• Dataset entries:

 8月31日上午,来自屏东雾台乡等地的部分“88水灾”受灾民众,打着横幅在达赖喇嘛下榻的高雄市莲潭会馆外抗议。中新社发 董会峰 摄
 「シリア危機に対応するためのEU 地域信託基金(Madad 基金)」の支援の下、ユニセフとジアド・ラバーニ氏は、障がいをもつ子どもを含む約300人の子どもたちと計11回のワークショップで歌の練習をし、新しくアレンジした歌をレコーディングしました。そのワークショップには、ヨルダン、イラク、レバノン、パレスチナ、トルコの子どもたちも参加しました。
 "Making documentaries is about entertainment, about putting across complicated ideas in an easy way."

---

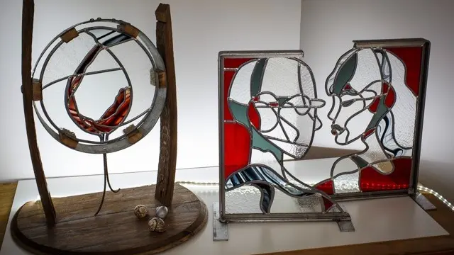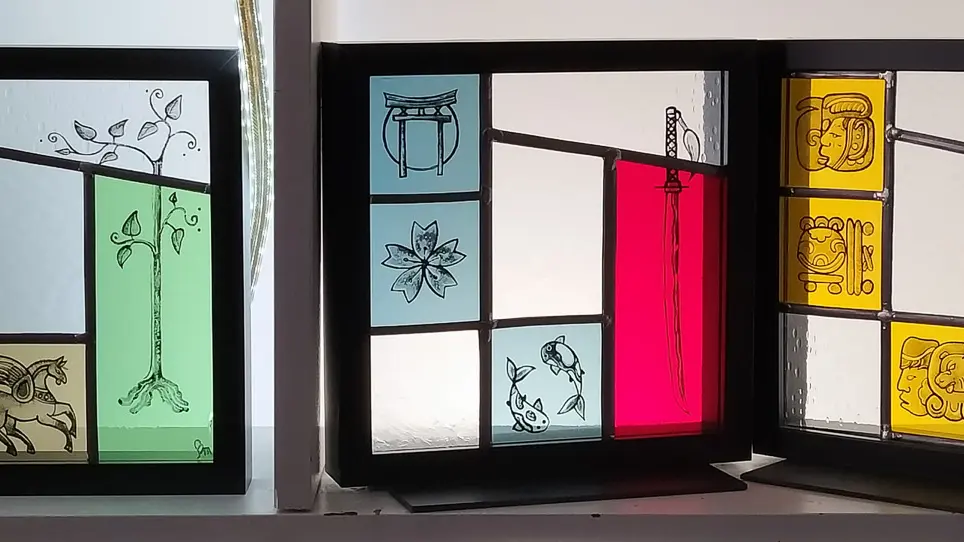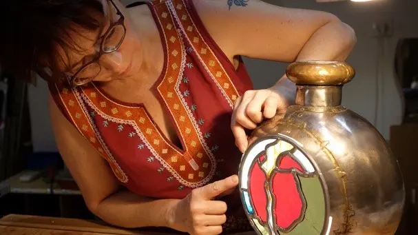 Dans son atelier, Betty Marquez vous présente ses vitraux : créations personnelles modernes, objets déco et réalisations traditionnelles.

* * *

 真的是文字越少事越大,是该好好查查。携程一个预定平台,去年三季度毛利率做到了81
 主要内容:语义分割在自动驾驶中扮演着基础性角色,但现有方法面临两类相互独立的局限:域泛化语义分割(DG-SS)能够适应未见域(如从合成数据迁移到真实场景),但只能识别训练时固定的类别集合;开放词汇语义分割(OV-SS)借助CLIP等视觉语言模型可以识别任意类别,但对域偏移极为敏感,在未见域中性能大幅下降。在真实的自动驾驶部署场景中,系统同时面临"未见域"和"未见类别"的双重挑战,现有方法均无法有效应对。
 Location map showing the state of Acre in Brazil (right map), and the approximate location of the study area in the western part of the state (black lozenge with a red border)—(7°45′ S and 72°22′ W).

• Your goal: Would you please copy, word for word, everything above from the line containing "真的是文字越少事越大,是该好" down to the line containing "Location map showing", those two lines included?

• Output for this task:
 真的是文字越少事越大,是该好好查查。携程一个预定平台,去年三季度毛利率做到了81
 主要内容:语义分割在自动驾驶中扮演着基础性角色,但现有方法面临两类相互独立的局限:域泛化语义分割(DG-SS)能够适应未见域(如从合成数据迁移到真实场景),但只能识别训练时固定的类别集合;开放词汇语义分割(OV-SS)借助CLIP等视觉语言模型可以识别任意类别,但对域偏移极为敏感,在未见域中性能大幅下降。在真实的自动驾驶部署场景中,系统同时面临"未见域"和"未见类别"的双重挑战,现有方法均无法有效应对。
 Location map showing the state of Acre in Brazil (right map), and the approximate location of the study area in the western part of the state (black lozenge with a red border)—(7°45′ S and 72°22′ W).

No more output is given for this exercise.